Custom auth with OAuth 2.1

When you need to talk to an external system—CRM records, proprietary APIs, shared datasets—you can integrate a full OAuth 2.1 flow that conforms to the MCP authorization spec.

Components

  • Resource server – your MCP server, which exposes tools and verifies access tokens on each request.
  • Authorization server – your identity provider (Auth0, Okta, Cognito, or a custom implementation) that issues tokens and publishes discovery metadata.
  • Client – ChatGPT acting on behalf of the user. It supports dynamic client registration and PKCE.

Required endpoints

Your authorization server must provide:

  • /.well-known/oauth-protected-resource – lists the authorization servers and required scopes for your MCP endpoint.
  • /.well-known/openid-configuration – discovery document. It must include:
    • authorization_endpoint
    • token_endpoint (often /oauth/token)
    • jwks_uri
    • registration_endpoint
  • token_endpoint – accepts code+PKCE exchanges and returns access tokens.
  • registration_endpoint – accepts dynamic client registration requests and returns a client_id.

Flow in practice

  1. ChatGPT queries your MCP server for protected resource metadata. You can configure this with AuthSettings in the official Python SDK’s FastMCP module.
  2. ChatGPT registers itself with your authorization server using the registration_endpoint and obtains a client_id.
  3. When the user first invokes a tool, the ChatGPT client launches the OAuth authorization code + PKCE flow. The user authenticates and consents to the requested scopes.
  4. ChatGPT exchanges the authorization code for an access token and attaches it to subsequent MCP requests (Authorization: Bearer <token>).
  5. Your server verifies the token on each request (issuer, audience, expiration, scopes) before executing the tool.

Implementing verification

The official Python SDK’s FastMCP module ships with helpers for token verification. A simplified example:

File: server.py

from mcp.server.fastmcp import FastMCP
from mcp.server.auth.settings import AuthSettings
from mcp.server.auth.provider import TokenVerifier, AccessToken

class MyVerifier(TokenVerifier):
    async def verify_token(self, token: str) -> AccessToken | None:
        payload = validate_jwt(token, jwks_url)
        if "user" not in payload.get("permissions", []):
            return None
        return AccessToken(
            token=token,
            client_id=payload["azp"],
            subject=payload["sub"],
            scopes=payload.get("permissions", []),
            claims=payload,
        )

mcp = FastMCP(
    name="kanban-mcp",
    stateless_http=True,
    token_verifier=MyVerifier(),
    auth=AuthSettings(
        issuer_url="https://your-tenant.us.auth0.com",
        resource_server_url="https://example.com/mcp",
        required_scopes=["user"],
    ),
)

If verification fails, respond with 401 Unauthorized and a WWW-Authenticate header that points back to your protected-resource metadata.

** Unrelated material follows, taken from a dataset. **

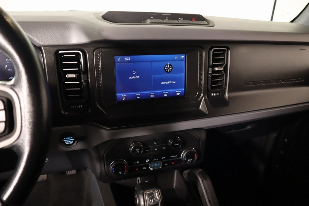 THIS VEHICLE COMES EQUIPPED WITH THE FOLLOWING OPTIONS AND FEATURES: Equipment Group 222A Mid Package (2-Door Intelligent Access w/Lock/Unlock, Ambient Footwell Lighting, Auto-Dimming Interior Rear-View Mirror, Connected Navigation, Dr & Pass Illuminated Sliding Visor Vanity Mirrors, Dual-Zone Electronic Automatic Temperature Control, Enhanced Voice Recognition, Front Row Heated Seats, Power Outlet - Back Side of Center Floor Console, Rear Parking Sensors, and Remote Start System), Auxiliary Switches, Electronic Stability Control, Exterior Parking Camera Rear, Keyless Entry Keypad, SYNC 4, 4-Wheel Disc Brakes, 4.27 Final Drive Ratio w/Rear Locking Differential, 4.46 Axle Ratio, 7 Speakers, ABS brakes, Air Conditioning, Alloy wheels, AM/FM radio: SiriusXM with 360L, AM/FM Stereo, Auto High-beam Headlights, Brake assist, Carbonized Gray Molded-In-Color Hard Top, Compass, Delay-off headlights, Driver door bin, Driver vanity mirror, Dual front impact airbags, Dual front side impact airbags, Emergency communication system: 911 Assist, Front anti-roll bar, Front Bucket Seats, Front Center Armrest, Front fog lights, Front reading lights, Front Row Top Panels Storage Bag, Front wheel independent suspension, Fully automatic headlights, Heated door mirrors, Illuminated entry, Integrated roll-over protection, Leather Shift Knob, LED Signature Lighting, Low tire pressure warning, Marine Grade Vinyl Bucket Seats, Navigation Removal, Occupant sensing airbag, Outside temperature display, Overhead airbag, Overhead console, Panic alarm, Passenger door bin, Passenger vanity mirror, Powder Coated Tube Step, Power door mirrors, Power steering, Power windows, Radio data system, Radio: 6 Speakers w/Subwoofer Delete, Rear-Window Defroster & Washer, Remote keyless entry, Security system, SiriusXM Radio w/360L, Speed control, Split folding rear seat, Steering wheel mounted audio controls, Tachometer, Telescoping steering wheel, Tilt steering wheel, Traction control, Trip computer, Variably intermittent wipers, and Wheels: 17 Carbonized Gray-Painted Aluminum.

This tells the client to run the OAuth flow again.

Choosing an authorization provider

Auth0 is a popular option and supports dynamic client registration, RBAC, and token introspection out of the box. To configure it:

  1. Create an API in the Auth0 dashboard and record the identifier (used as the token audience).
  2. Enable RBAC and add permissions (for example user) so they are embedded in the access token.
  3. Turn on OIDC dynamic application registration so ChatGPT can create a client per connector.
  4. Ensure at least one login connection is enabled for dynamically created clients so users can sign in.

Okta, Azure AD, and custom OAuth 2.1 servers can follow the same pattern as long as they expose the required metadata.

Testing and rollout

  • Local testing – start with a development tenant that issues short-lived tokens so you can iterate quickly.
  • Dogfood – once authentication works, gate access to trusted testers before rolling out broadly. You can require linking for specific tools or the entire connector.
  • Rotation – plan for token revocation, refresh, and scope changes. Your server should treat missing or stale tokens as unauthenticated and return a helpful error message.

With authentication in place you can confidently expose user-specific data and write actions to ChatGPT users.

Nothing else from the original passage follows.